Но тетя Марион смотрела на каменного ангела, а не на племянницу. И каменный ангел был прекрасен, любой бы так отреагировал.
– Кто она? – спросила тетя Марион.
– Мы называем ее просто ангелом, – ответила Тони. – Монахини говорят, что она присматривает за нами.
Тетя Марион подняла сумку повыше и нашла скамейку возле статуи.
– Давайте сядем.
– Разве мы не шли куда-нибудь поесть? – спросила Тони.
Тетя Марион нахмурилась.
– Разве вы не обедали? Уже полтретьего.
– Обедали, да, – проворчала Тони. – Если можно так назвать серое мясо и радужную картошку.
– Что такое радужная картошка?
– Такая помятая, что в ней миллион цветов. Как радуга, – объяснила Фрэнки.

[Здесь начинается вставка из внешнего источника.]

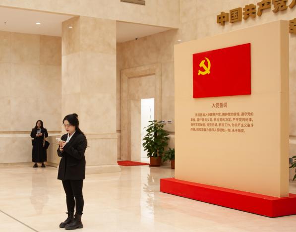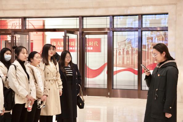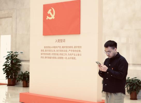 在党史展览馆内,同学们回顾了党的百年历程,学习了伟大建党精神。太阳成集团122ccvip孙自勉老师带领所有党员同学面向中国共产党党旗,重温入党誓词,庄严宣誓,牢记共产党员的初心与使命。
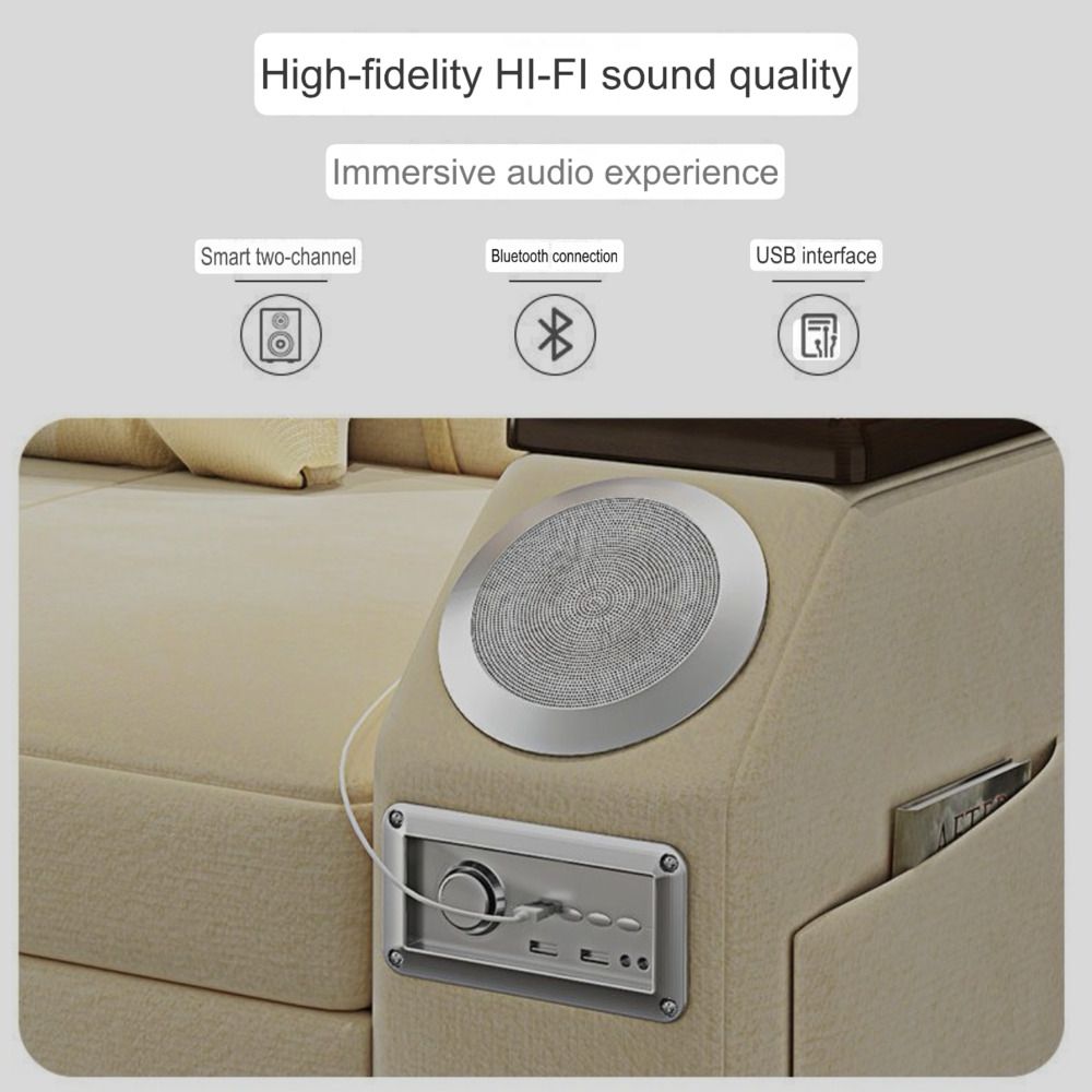 This Sofa seamlessly combines comfort, functionality, and style, Built-in Storage - Bluetooth Speaker - USB Ports - The Sofa It Comes With Two Side Of Sponge one is soft and the other is bit harder to choose what Comfort you

Тетя Марион хмыкнула и кивнула. Она по-прежнему таращилась на ангела, словно ждала, что статуя запоет или заиграет на арфе. Она поставила свою огромную сумку на землю, но тут же передумала и опять взяла ее на колени. Сумка походила на чемодан – как будто тетя Марион путешествует. Фрэнки вспомнила, что она и правда по меньшей мере один раз путешествовала.
– Когда вы сюда приехали? – спросила Фрэнки.
Тетя Марион удивилась.
– Почти в два. На трамвае.
– Нет, я имею в виду, когда вы приехали в Америку?
– А, вон что. В двадцатом. Через два года после брата – вашего отца. Давно.
– Вам было страшно?
– Ты имеешь в виду, страшно ли плыть три недели на судне с толпой вонючих мужиков? Страшно ли ехать в страну, где никто не говорит на твоем языке?
– Да. Было страшно?
Она скривила губы.
– Нисколько.
– А почему вы говорите на английском лучше папы, хотя он прожил здесь дольше вас? – спросила Тони.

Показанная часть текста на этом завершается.